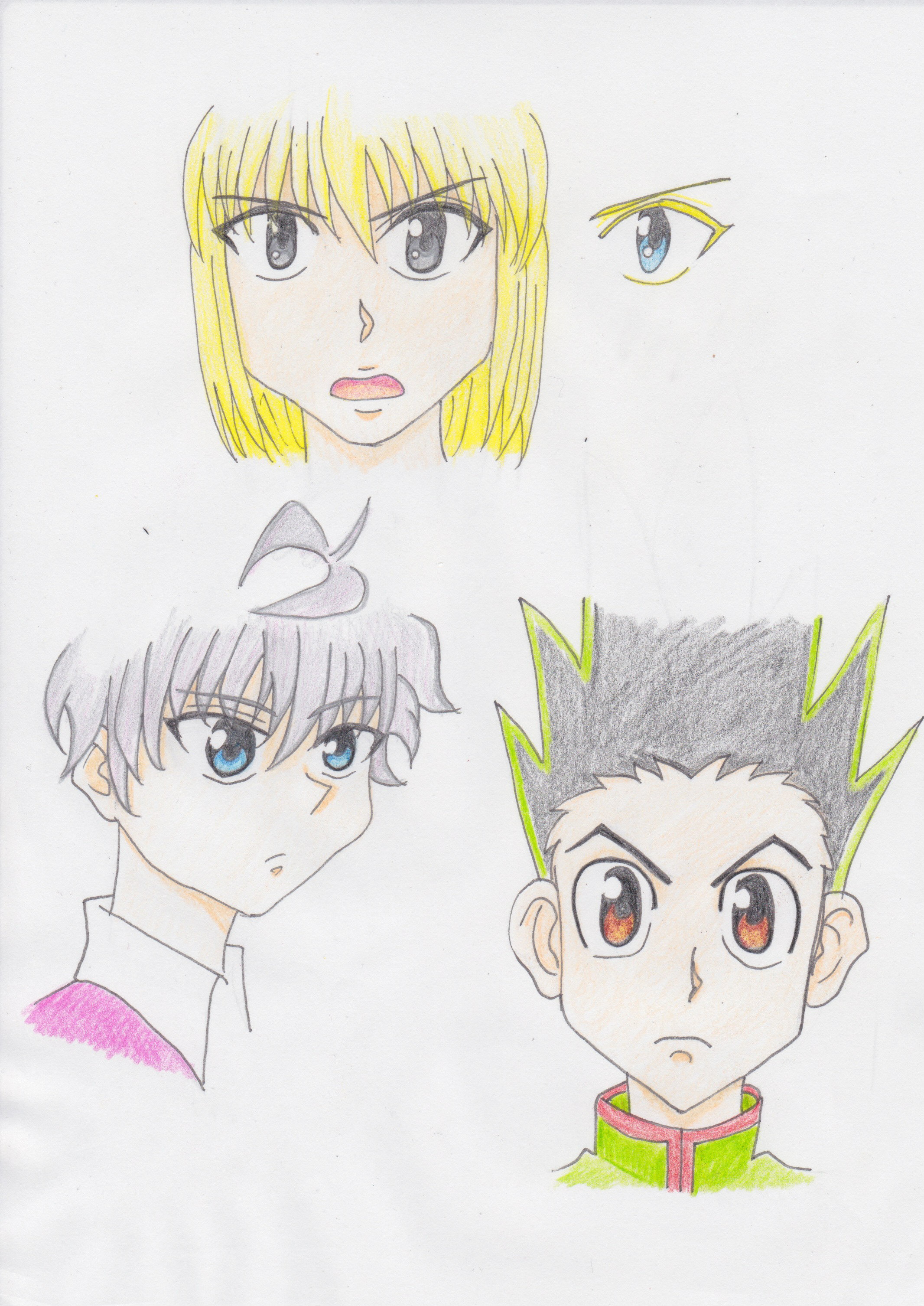 新しいほうの『HUNTER×HUNTER』を模写ってみました 。 上がクラピカ、右下がゴン、左下がキルア。 テレ ビ画面を携帯でパシャリして、それを見て描きました
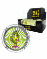 Tämä tuhkakuppi esittää vihaiseksi tekeytyvää “Budia”, joka kantaa kahta AK47-kivääriä ammuksineen. Suussa on valtava savuava sikari, ja taustalla näet Amnesia Haze ja Jack Herer -lajikkeille omistettuja hautakiviä.
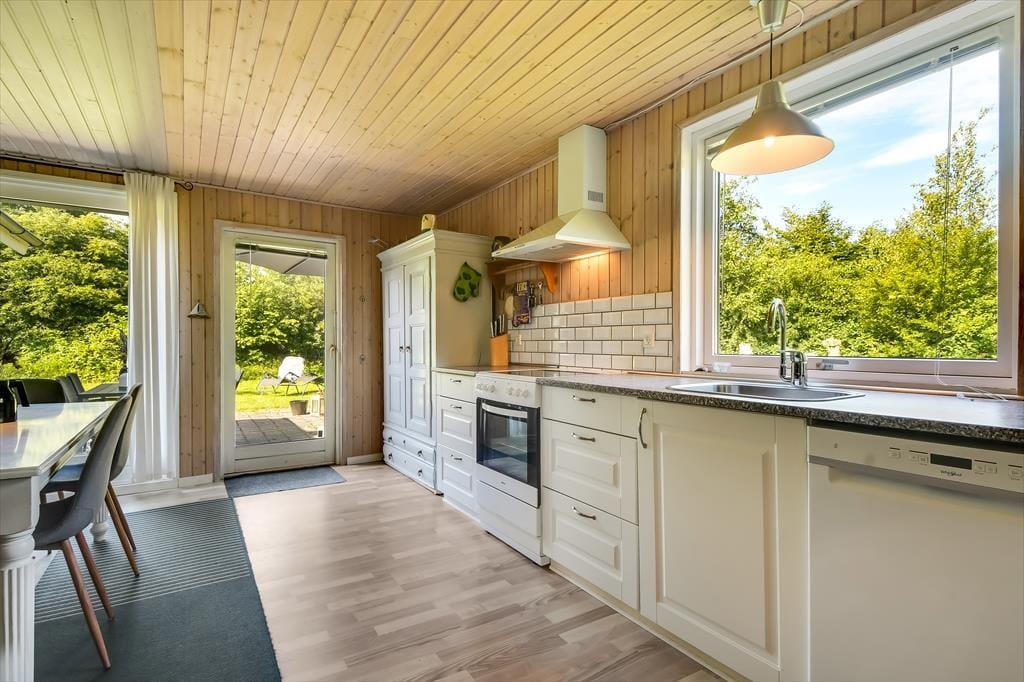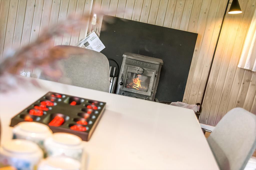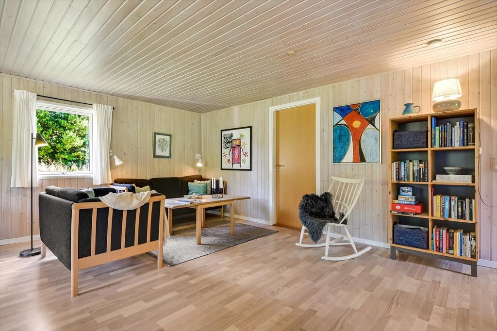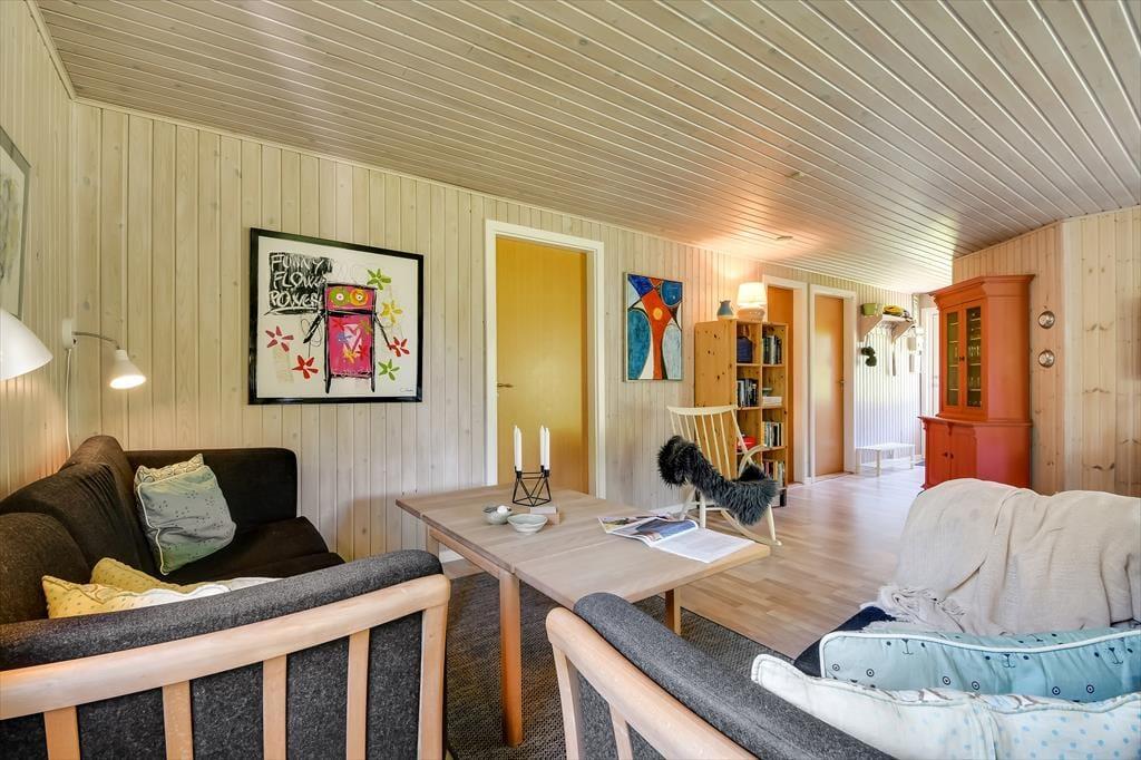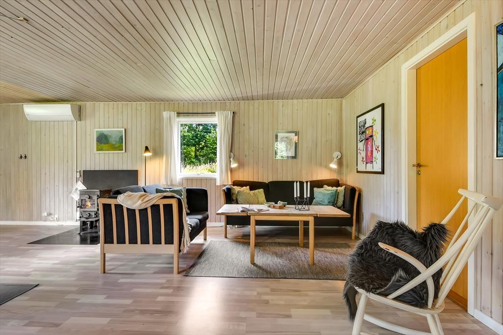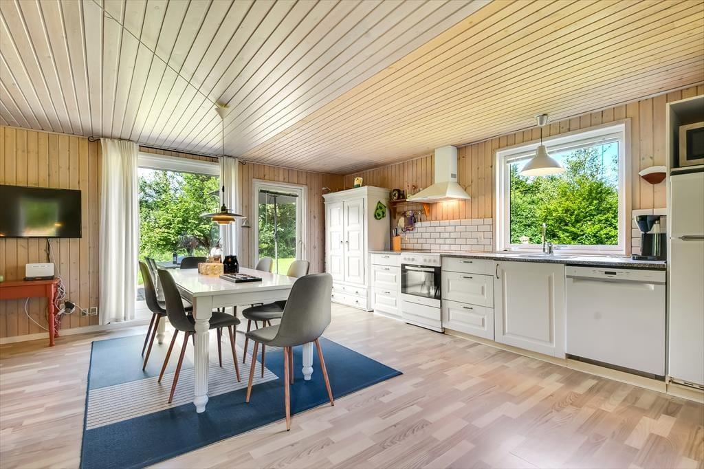 Im Inneren empfängt dich eine schlichte und unkomplizierte Einrichtung, die perfekt zum Ferienleben passt. Das Herz des Ferienhauses ist der großzügige Wohnbereich, in dem Wohnzimmer und Küchenbereich ineinander übergehen und viel Platz für gemeinsames Beisammensein bieten. Hier könnt ihr euch zu langen Mahlzeiten am Esstisch versammeln, Brettspiele auf dem Sofa spielen oder einfach mit einer Tasse Kaffee die Ruhe genießen, während das Tageslicht hereinströmt. Die offene Raumgestaltung macht es leicht, zusammen zu sein – auch wenn einige kochen, während andere entspannen. Die Atmosphäre ist locker, und hier ist Platz für Urlaub, so wie Urlaub nun einmal sein soll. Wenn der Tag sich dem Ende zuneigt, könnt ihr euch zurückziehen und die Stille einkehren lassen – nach einem weiteren Tag voller kleiner Erlebnisse am Fjord und in der westjütländischen Landschaft.
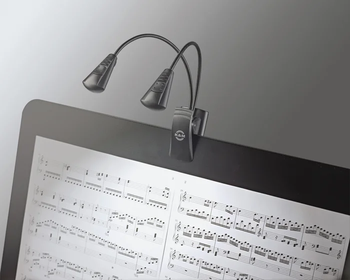 Beschreibung: Multifunktionelle LED-Leuchte für den mobilen Einsatz. Dank der 2 flexiblen Schwanenhälse wird der Lichtkegel der jeweiligen LED individuell positioniert. Die LEDs sind einzeln schaltbar und bestechen durch eine extrem lange Lebensdauer von bis zu 100.000 Stunden. Der praktische Clip (bis 25 mm) ermöglicht die Befestigung an Notenpulten, Tischplatten etc. Eine Verwendung als Standleuchte ist ebenfalls möglich. Für den mobilen Einsatz können die Schwanenhälse kompakt eingeklappt werden. Im Lieferumfang enthalten sind 3 Batterien (1,5 V AAA) mit einer Leuchtdauer bis zu 20 Stunden.
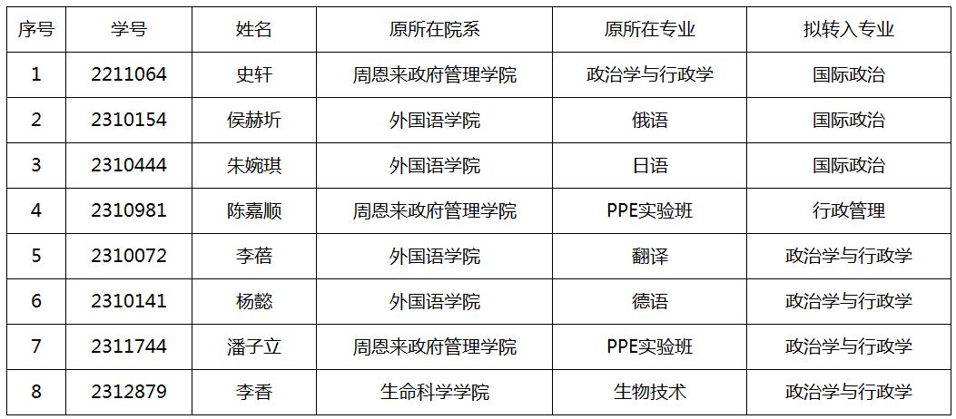 PA视讯集团官网关于2024年转专业录取结果的公示
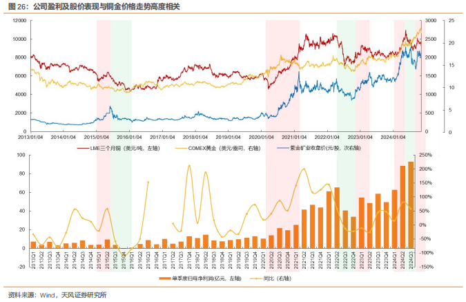 作为典型的铜金双主业公司,公司股价表现及盈利和铜金价格高度相关。展望后市,我们认为在前期资本开支不足和资源贫化的条件下,铜精矿供应端硬约束已塑造,叠加新一轮降息周期开启,中长期铜价中枢有望稳步上行,同时特朗普新任期二次通胀逻辑或将在未来四年持续演绎,新旧范式共同支撑金价走牛。铜金步入上行周期,或将对公司盈利和股价形成有效支撑,叠加发展目标明确及α能力突出,公司有望迎戴维斯双击。
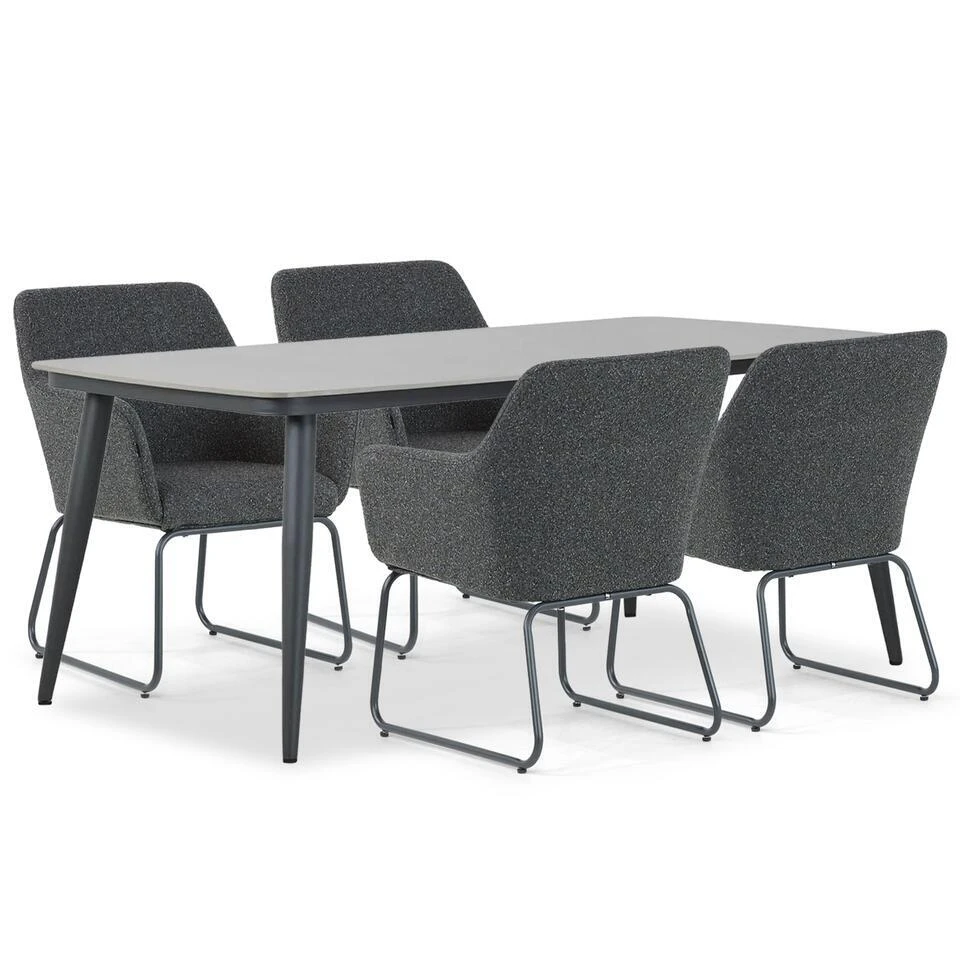 Lifestyle Lugo/Vienna 180 cm dining tuinset 5-delig De Lifestyle Lugo dining set, gecombineerd met de ruime Coco Vienna diningtafel van 180 cm, biedt een moderne en comfortabele eetopstelling voor jouw tuin of terras. Met vier hoogwaardige stoelen en een tafel van 180 cm is deze set perfect voor gezellige diners met familie of vrienden. Het gebruik van aluminium en olefin met quick dry foam garandeert duurzaamheid en een luxe uitstraling. Kom proefzitten in één van onze 12 Tuinmeubelshop Experience Stores XXL en ontdek hoe deze set jouw buitenruimte transformeert! De set bestaat uit: * 4 x Lifestyle Lugo diningstoel charcoal * 1 x Coco Vienna diningtafel 180 cm antraciet Eigenschappen Lifestyle Lugo diningstoel De Lifestyle Lugo diningstoel combineert moderne stijl met ultiem comfort. * Aluminium frame: Het gepoedercoate aluminium frame is lichtgewicht, sterk en volledig bestand tegen alle weersomstandigheden. Dit maakt de stoel duurzaam en gemakkelijk te verplaatsen. * Olefin stof met quick dry foam: De zitting en rugleuning zijn bekleed met luxe olefin-stof, die vuil- en waterafstotend is en bestand tegen verkleuring door de zon. De quick dry foam-vulling zorgt ervoor dat de stoel snel droogt na een regenbui, zodat je snel weer kunt genieten. * Tijdloos design: De charcoal-kleur en strakke lijnen maken deze stoel een stijlvolle keuze die perfect combineert met de Coco Vienna tafel. Eigenschappen Coco Vienna diningtafel 180 cm antraciet De Coco Vienna diningtafel biedt een ruime en stijlvolle basis voor jouw buitenruimte. * Rechthoekig design: Met een lengte van 180 cm is de tafel ideaal voor vier tot zes personen, waardoor je volop ruimte hebt voor gezellige diners. * Aluminium frame: Het gepoedercoate aluminium frame is sterk, lichtgewicht en volledig weerbestendig. * Keramisch tafelblad: Het krasbestendige en hittebestendige keramische tafelblad is gemakkelijk schoon te maken en geeft de tafel een luxe uitstraling. * Strakke en moderne uitstraling: De antracietkleur en het minimalistische ontwerp maken de tafel een perfecte match met de Lifestyle Lugo stoelen. Met deze set haal je een onderhoudsvriendelijke en duurzame dining set in huis. Dankzij de quick dry foam-kussens, de olefin-stof en het weerbestendige aluminium kun je jarenlang genieten van comfort en stijl in jouw buitenruimte. Bezoek één van onze showrooms en laat je inspireren door deze luxe dining set. Onze deskundige verkoopadviseurs helpen je graag bij het samenstellen van jouw ideale tuinmeubelen!

....

▶ **TASK**: Each line from the beginning of the entries up to and including the one containing "PA视讯集团官网关于2024年转专业录取结果的公示" must be restated exactly. Pictures are to be left out.

▶ **RESPONSE**:
 新しいほうの『HUNTER×HUNTER』を模写ってみました 。 上がクラピカ、右下がゴン、左下がキルア。 テレ ビ画面を携帯でパシャリして、それを見て描きました
 Tämä tuhkakuppi esittää vihaiseksi tekeytyvää “Budia”, joka kantaa kahta AK47-kivääriä ammuksineen. Suussa on valtava savuava sikari, ja taustalla näet Amnesia Haze ja Jack Herer -lajikkeille omistettuja hautakiviä.
 Im Inneren empfängt dich eine schlichte und unkomplizierte Einrichtung, die perfekt zum Ferienleben passt. Das Herz des Ferienhauses ist der großzügige Wohnbereich, in dem Wohnzimmer und Küchenbereich ineinander übergehen und viel Platz für gemeinsames Beisammensein bieten. Hier könnt ihr euch zu langen Mahlzeiten am Esstisch versammeln, Brettspiele auf dem Sofa spielen oder einfach mit einer Tasse Kaffee die Ruhe genießen, während das Tageslicht hereinströmt. Die offene Raumgestaltung macht es leicht, zusammen zu sein – auch wenn einige kochen, während andere entspannen. Die Atmosphäre ist locker, und hier ist Platz für Urlaub, so wie Urlaub nun einmal sein soll. Wenn der Tag sich dem Ende zuneigt, könnt ihr euch zurückziehen und die Stille einkehren lassen – nach einem weiteren Tag voller kleiner Erlebnisse am Fjord und in der westjütländischen Landschaft.
 Beschreibung: Multifunktionelle LED-Leuchte für den mobilen Einsatz. Dank der 2 flexiblen Schwanenhälse wird der Lichtkegel der jeweiligen LED individuell positioniert. Die LEDs sind einzeln schaltbar und bestechen durch eine extrem lange Lebensdauer von bis zu 100.000 Stunden. Der praktische Clip (bis 25 mm) ermöglicht die Befestigung an Notenpulten, Tischplatten etc. Eine Verwendung als Standleuchte ist ebenfalls möglich. Für den mobilen Einsatz können die Schwanenhälse kompakt eingeklappt werden. Im Lieferumfang enthalten sind 3 Batterien (1,5 V AAA) mit einer Leuchtdauer bis zu 20 Stunden.
 PA视讯集团官网关于2024年转专业录取结果的公示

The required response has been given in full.